There’s also the fact that Estes is so inextricably linked with Kansas Republican Gov. Sam Brownback that it doesn’t require photoshopping, and Brownback is currently the 50th most popular governor in America according to all the polls, having enraged all the Democrats with his tax-and-budget-slushing agenda, as well as the half of the Republican party he waged civil war on to make it happen, and that even such stingy Republicans as ourselves are miffed he’s managed to discredit our tax-and-budget-cutting principles. You can also throw in the fact that this is one of those April elections where turnout is bound to be low, and at this point the Democratic minority of Kansas is hell-bent for some sort of victory and and clearly winning the yard-sign war even outside our anomalously liberal neighborhood, the Republican majority is either complacent or dispirited or blissfully unaware that we’re holding an election in April of all months, and we can see why the likes of The Washington Post and New York Times and Buzzfeed.com are taking a bet on this election. Should the Republican prevail in this reliably Republican district it will be another dog-bites-man story relegated to a couple of inches on page B-3, with the plane tickets and hotel and restaurant expenses of a trip to Wichita written off, but if the upset does occur it can be spun into a rebuke of Republicans in general and Trump in particular right in the deep-red heart of the flyover country that’s worth space on the front page, so they might as well roll the dice.

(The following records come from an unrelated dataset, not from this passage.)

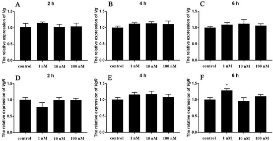 To explore the possible effect of Sp-Crz on vitellogenesis, synthetic peptide was applied to ovarian and hepatopancreatic explants at the early vitellogenic stage. This revealed that the level of Sp-Vg transcript in the hepatopancreas did not significantly change in response to 2, 4, and 6 h treatment of Sp-Crz at any concentration (Figure 7A–C). The level of Sp-VgR expression in the ovary was not affected by 2 and 4 h incubation of Sp-Crz at any concentration (Figure 7D,E); however, it was significantly increased by 6 h treatment of 1 nM Sp-Crz (p < 0.05, Figure 7F).
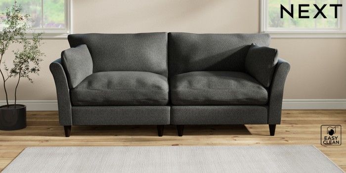 7.2.10 Hartley Relaxed Sit 4 Seater Sofa Tweedy Blend Easy Clean Charcoal Grey Low Conical - Dark | Made Click here to use our website with more accessibility support, for example screen readers
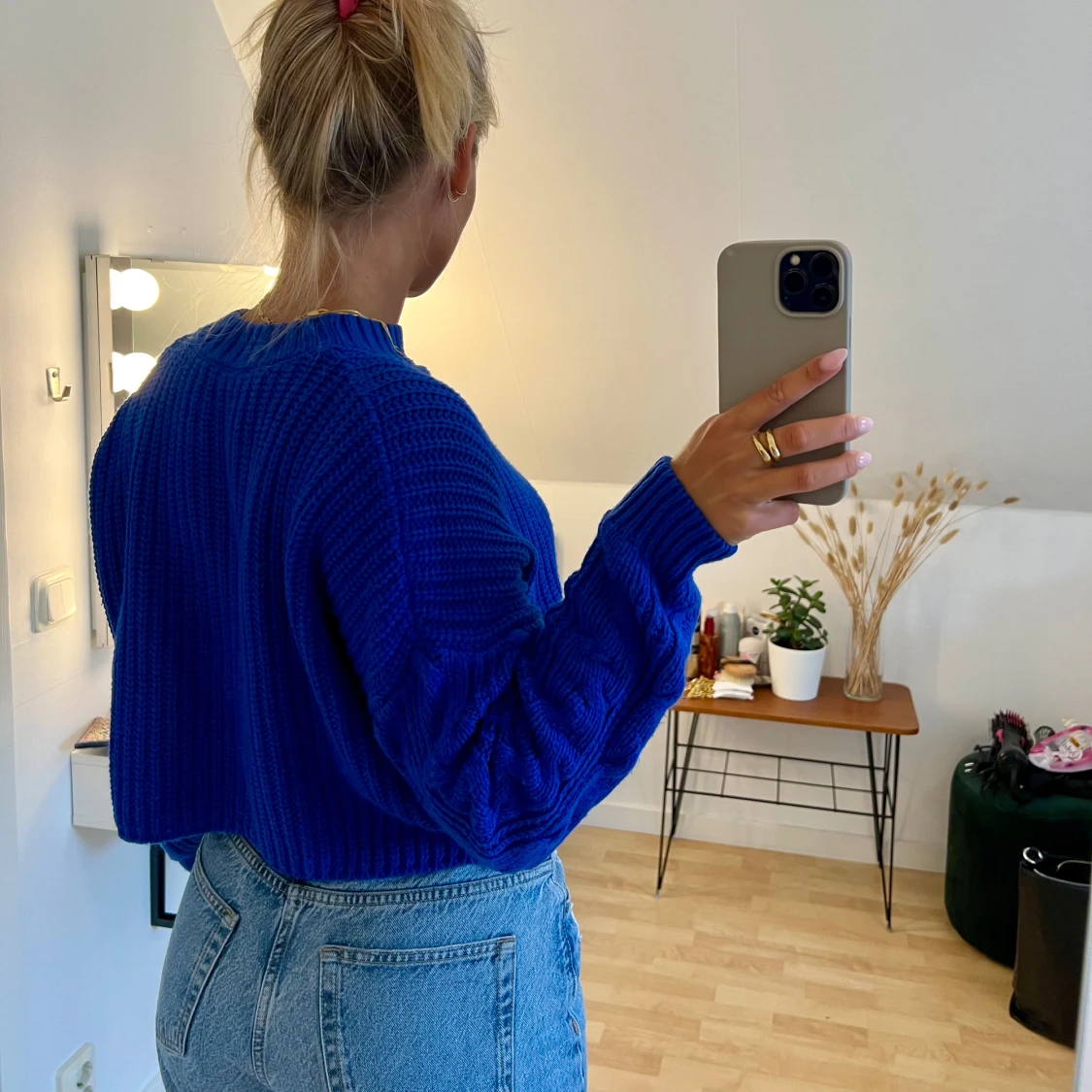 Supersnygg blå stickad tröja, något croppad i modellen. Storlek S, passar XS-M🦋 Är 167 cm lång och vanlig S-M.
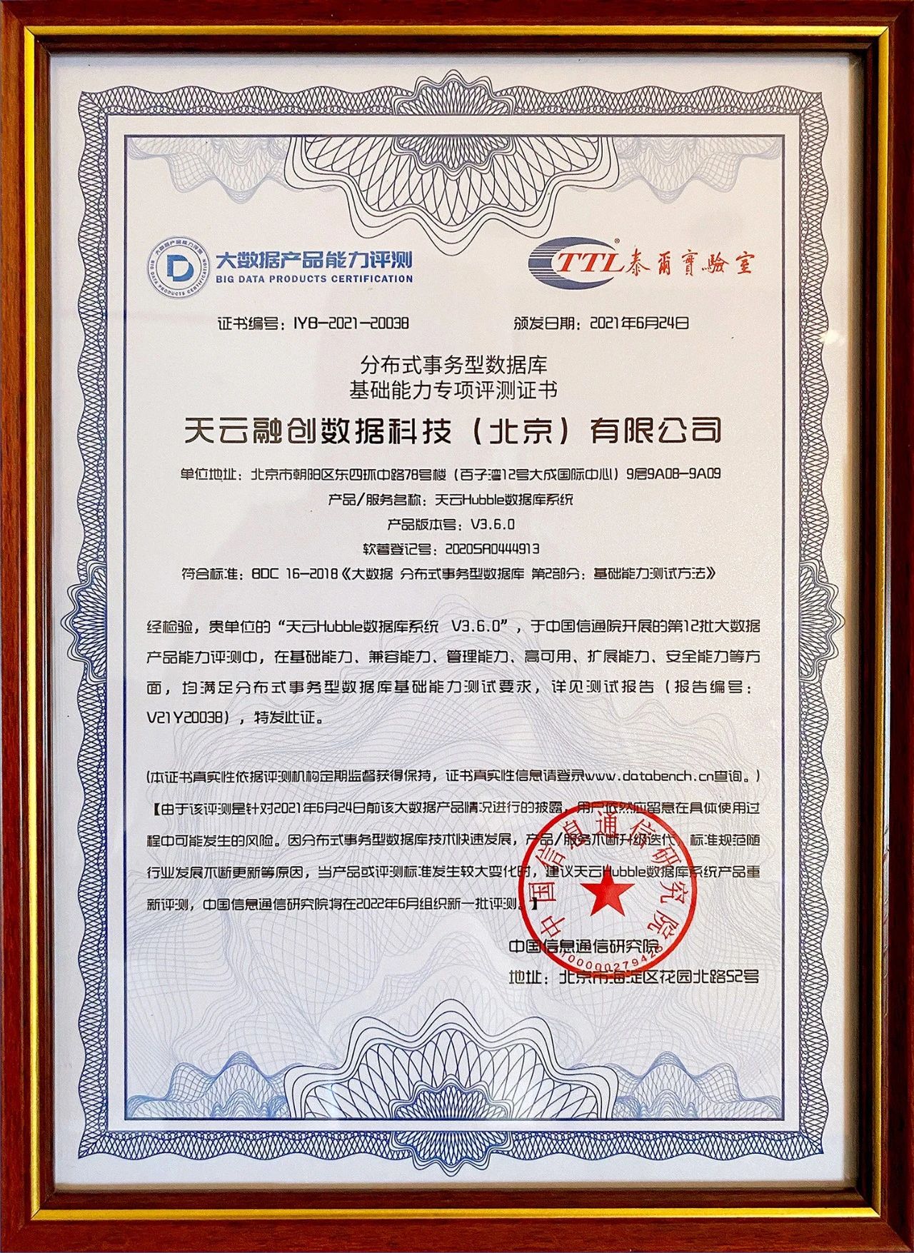 6月24日,由中国信息通信研究院举办的“2021大数据产业峰会成果发布会”在京召开,会上中国信息通信研究院为通过“大数据产品能力评测”的企业颁发证书。天云数据自研分布式数据库Hubble以优异的成绩通过分布式事务数据库基础能力、兼容能力、管理能力、高可用能力、扩展能力与安全能力六项评测。这无疑印证了Hubble在分布式数据库事务领域的领先技术优势。

The guys who write The Washington Post’s all-knowing “Plum Line” column and don’t have to fly to places like Wichita say that “it would take an earthquake” for the Democrat to prevail here, and we’re inclined to agree with that assessment, and after a lifetime of Fourth Congressional District politics we would advise that’s still  the way to bet, but they might not know that for the past few year we’ve been having earthquakes around here.